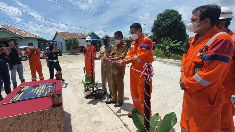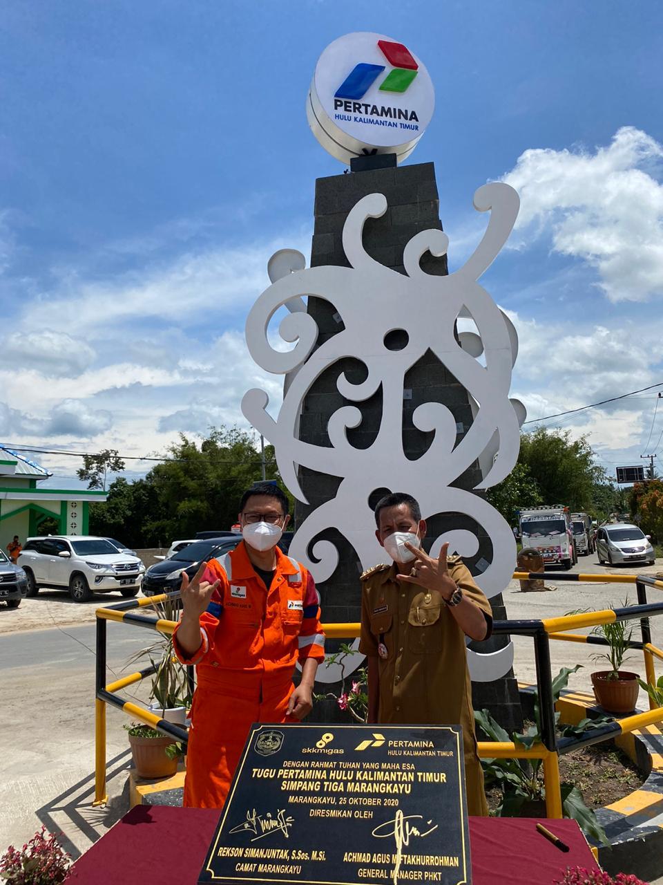 MARANGKAYU, Inibalikpapan.com – Pertamina Hulu Kalimantan Timur (PHKT) dengan dukungan Pertamina Hulu Indonesia (PHI) maupun Pertamina membangun Tugu Simpang Tiga Marangkayu dan perbaikan jalan di Desa Sebuntal Kecamatan Marangkayu, Kabupaten Kutai Kertanegara.
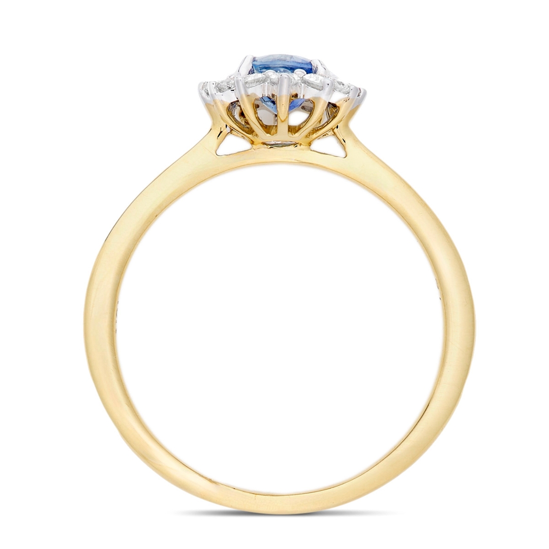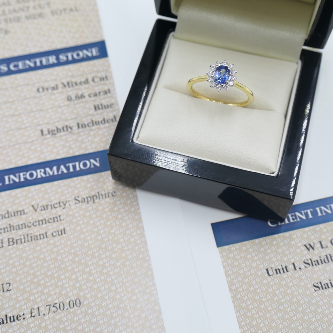 A brand-new, unused certified 18ct yellow and white gold ring, this beautiful cluster design combines the elegance of natural diamonds with the striking beauty of a blue sapphire. At the centre, an oval mixed-cut blue sapphire weighing 0.66ct displays a deep, captivating blue hue that commands attention. Surrounding the sapphire is a halo of brilliant-cut diamonds, totalling 0.20ct. These diamonds, selected for their SI1-SI2 clarity and G-H colour, add a brilliant sparkle that perfectly enhances the vibrant blue of the sapphire.
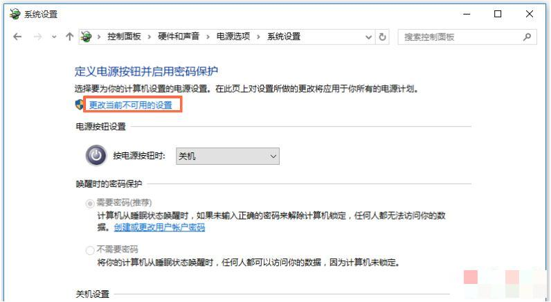 4、然后进入系统设置界面,先点击【更改当前不可用的设置】,然后勾选【启用快速启动】,点击保存修改即可。

=== WORK REQUIRED ===
Every line above is to be returned exactly, with its pictures removed.

=== TASK RESPONSE ===
 MARANGKAYU, Inibalikpapan.com – Pertamina Hulu Kalimantan Timur (PHKT) dengan dukungan Pertamina Hulu Indonesia (PHI) maupun Pertamina membangun Tugu Simpang Tiga Marangkayu dan perbaikan jalan di Desa Sebuntal Kecamatan Marangkayu, Kabupaten Kutai Kertanegara.
 A brand-new, unused certified 18ct yellow and white gold ring, this beautiful cluster design combines the elegance of natural diamonds with the striking beauty of a blue sapphire. At the centre, an oval mixed-cut blue sapphire weighing 0.66ct displays a deep, captivating blue hue that commands attention. Surrounding the sapphire is a halo of brilliant-cut diamonds, totalling 0.20ct. These diamonds, selected for their SI1-SI2 clarity and G-H colour, add a brilliant sparkle that perfectly enhances the vibrant blue of the sapphire.
 4、然后进入系统设置界面,先点击【更改当前不可用的设置】,然后勾选【启用快速启动】,点击保存修改即可。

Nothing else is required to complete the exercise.